LL: It is. It was my second design, co-designed with Tom Jolly. And it was absolutely derivative. And I think all of my work is, to a degree, derivative.

The Manhattan Project: Energy Empire released in 2016. Luke’s first published title was Stones of Fate in 2015.
DTD: But really, how many absolutely original games can you name for me right now?
PV: That’s tough, right? Yeah.
DTD: I was asked that on the spot and I came up with The Mind, and that was it.
The cad game The Mind by Wolfgang Warsch uses waiting around as an actual game mechanism. My kind of game.

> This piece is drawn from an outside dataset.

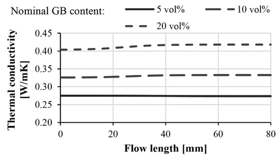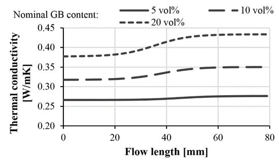 Calculated thermal conductivity of glass bead (45–75 µm)-filled polypropylene along the flow length.

PV: The really funny inside, about the fact that it [Energy Empire] was one of his first ones, is that he had already written articles for the League of Game Makers – “And this is how you design a worker placement game.” [laughs]
DTD: Well, that’s why you knew! [laughs]
The League of Gamemakers was an online blog started by Luke Laurie, Peter Vaughan and others, for open discussion on how to design games. We talked about it a bunch in part 3.
LL: So, I was doing the homework on designing this game, and playtesting it at the same time. I was essentially writing articles that mirrored my thought process in delving deeper. What works, what doesn’t? What are some games that you should play to familiarize yourself with this, this type of game. When you’re considering how to design actions, what’s the math? Or if it isn’t math, what’s the heuristic that you’ve got to go on?
DTD: Yeah.
LL: And yeah, it was… It definitely paralleled my arc at pushing that game forward, and then the rest is history. Energy Empire has… It’s remained just as popular as when it came out.
Energy Empire ranks #264 currently on BGG’s best games. Which is quite a feat in the 80,000+ games catalogued.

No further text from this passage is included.